● **Work instructions**: Pictures excluded, reproduce exactly the lines below from the one with "We were a little" through the one with "10?或4 x 10?個細胞)B組患者僅接受派姆單抗,在21天周期的第1天注射。", both included.

● **Supplied material**:
"""

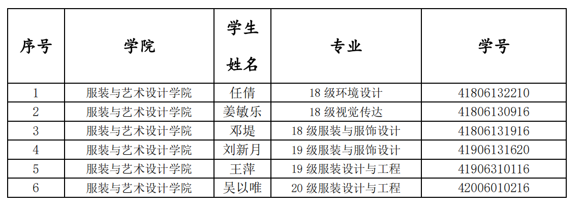 根据红桃视频 《关于做好2020-2021学年国家奖学金评审工作的通知》的评选要求,经各年级初评,学院审核,现将服装学院2021年国家奖学金拟推荐名单进行公示,公示后由学校进行进一步评比、确定。公示时间为2021年9月22日至9月27日(5个工作日)。如有异议,请于公示期内向学院反映。
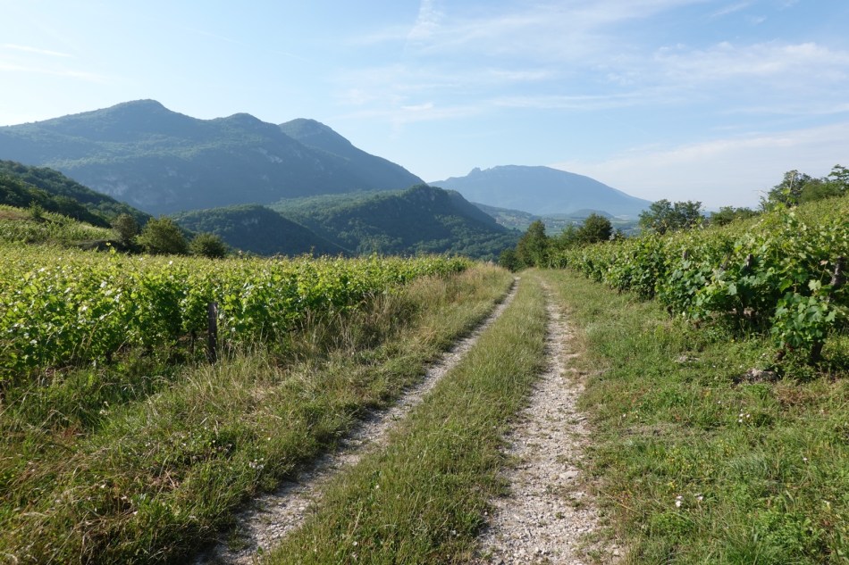 We were a little sorry to leave the rustic farmhouse this morning but we were soon back on the GR65. Sebastian gave us a picnic because it’s Sunday and the shops are closed. The landscape is predominantly vineyards as far as the eye can see. We climbed a hill (855m) and descended to the banks of the Rhône (300m).
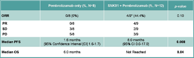 這項研究納入了20例IV期非小細胞肺癌(PD-L1 +,EGFR-,ALK-),這些患者接受了一線鉑類治療并失敗了,隨機分配至兩組:A組接受PD-1(派姆單抗)+SNK01治療(每六周2 x 10?或4 x 10?個細胞)B組患者僅接受派姆單抗,在21天周期的第1天注射。
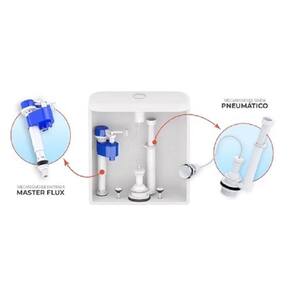 Entrada Master Flux Universal, indicado para todos os modelos de caixas acopladas Saída Air Touch Acionamento pneumático Acionador de ABS cromado com instalação universal (lateral, frontal e superior) Acompanha vedante e conjunto de fixação

"""

● **Expected answer**:
 We were a little sorry to leave the rustic farmhouse this morning but we were soon back on the GR65. Sebastian gave us a picnic because it’s Sunday and the shops are closed. The landscape is predominantly vineyards as far as the eye can see. We climbed a hill (855m) and descended to the banks of the Rhône (300m).
 這項研究納入了20例IV期非小細胞肺癌(PD-L1 +,EGFR-,ALK-),這些患者接受了一線鉑類治療并失敗了,隨機分配至兩組:A組接受PD-1(派姆單抗)+SNK01治療(每六周2 x 10?或4 x 10?個細胞)B組患者僅接受派姆單抗,在21天周期的第1天注射。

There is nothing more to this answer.